TRY IT »
The output is a word-for-word repeat of the listing below, free of images.

THE DATA »

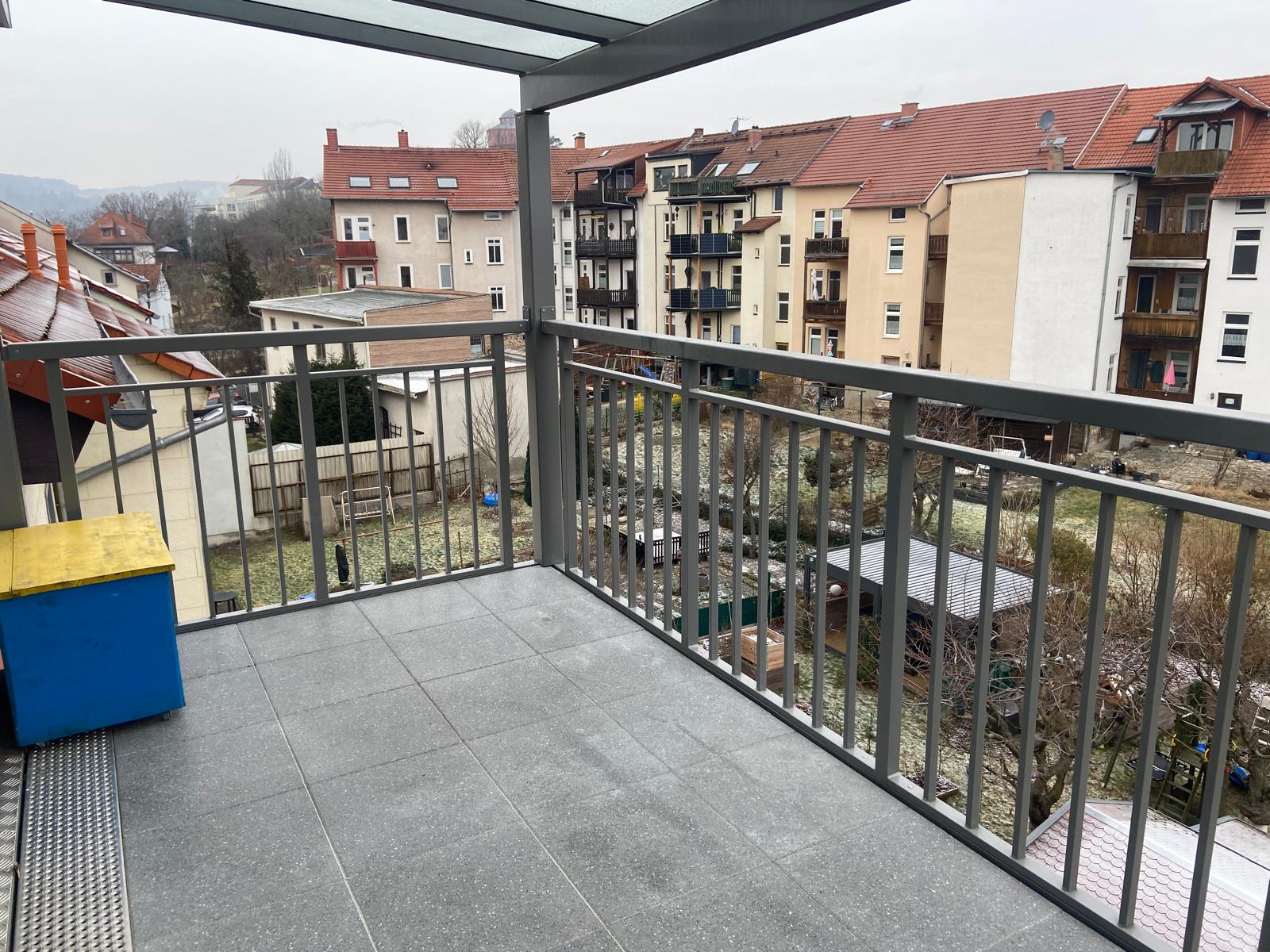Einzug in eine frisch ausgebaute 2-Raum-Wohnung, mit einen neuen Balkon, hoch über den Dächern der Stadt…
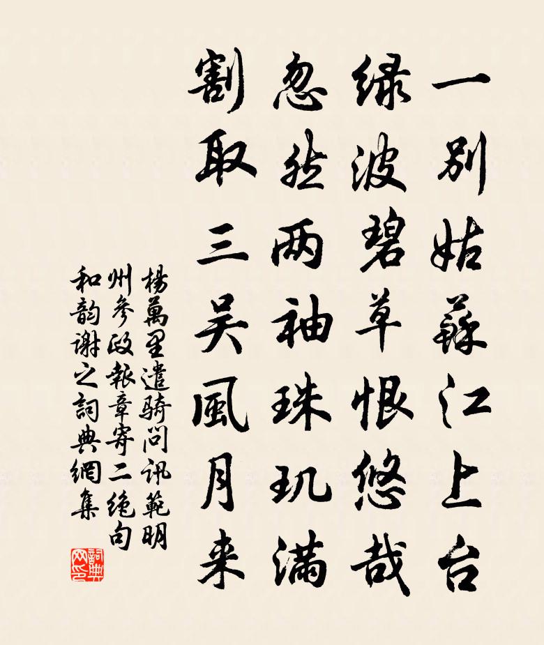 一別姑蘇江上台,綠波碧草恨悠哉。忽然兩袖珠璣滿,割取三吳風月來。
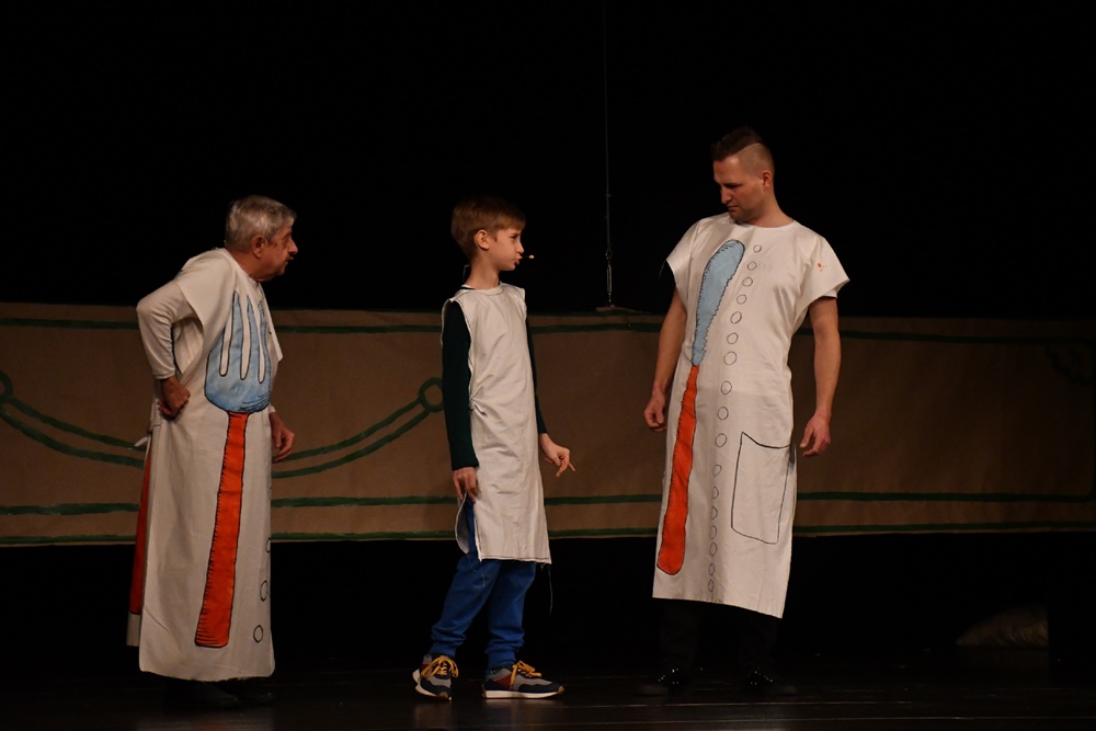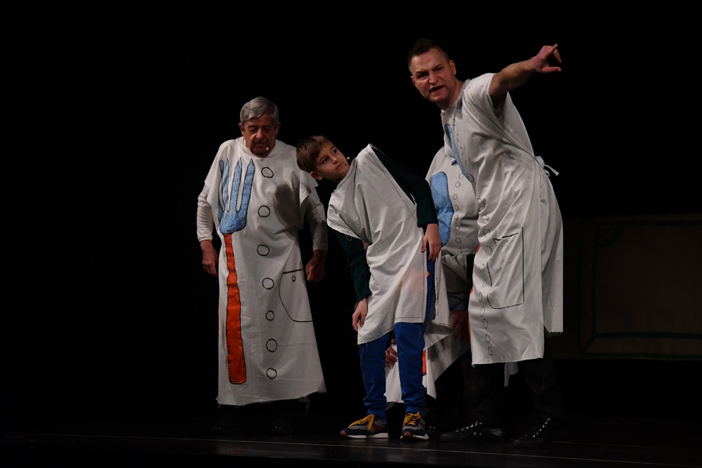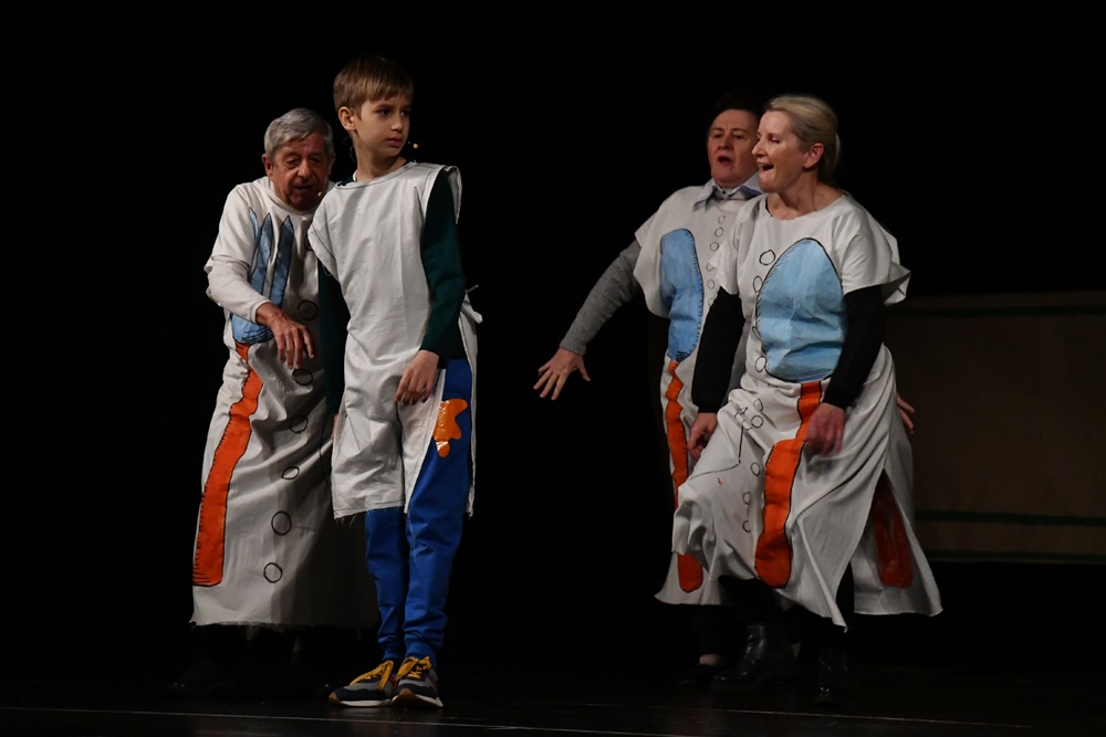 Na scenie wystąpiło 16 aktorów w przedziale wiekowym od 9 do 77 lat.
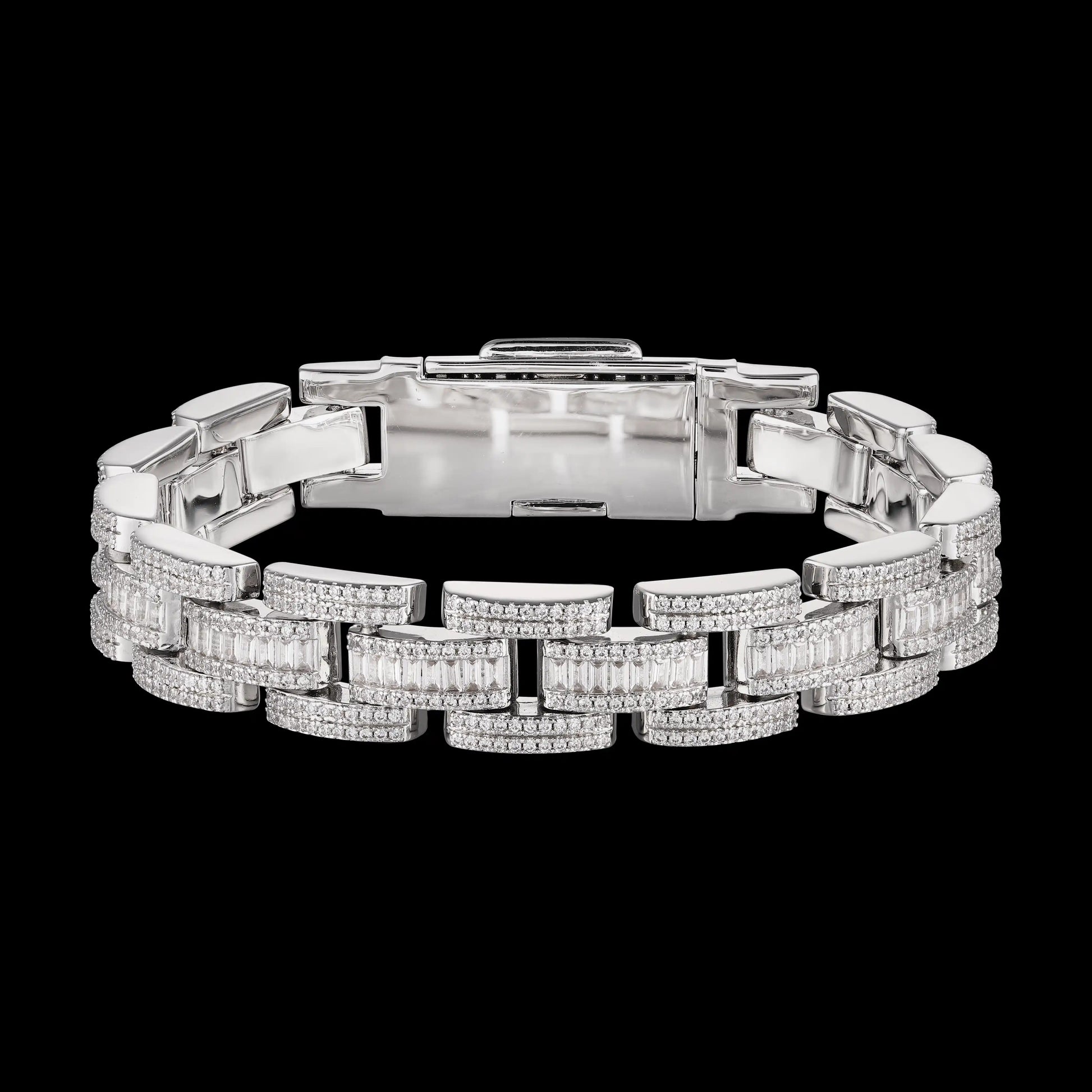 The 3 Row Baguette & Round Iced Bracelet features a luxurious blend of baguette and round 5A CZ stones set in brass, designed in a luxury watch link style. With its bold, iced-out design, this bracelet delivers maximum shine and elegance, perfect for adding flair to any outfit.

TASK ANSWER »
Einzug in eine frisch ausgebaute 2-Raum-Wohnung, mit einen neuen Balkon, hoch über den Dächern der Stadt…
 一別姑蘇江上台,綠波碧草恨悠哉。忽然兩袖珠璣滿,割取三吳風月來。
 Na scenie wystąpiło 16 aktorów w przedziale wiekowym od 9 do 77 lat.
 The 3 Row Baguette & Round Iced Bracelet features a luxurious blend of baguette and round 5A CZ stones set in brass, designed in a luxury watch link style. With its bold, iced-out design, this bracelet delivers maximum shine and elegance, perfect for adding flair to any outfit.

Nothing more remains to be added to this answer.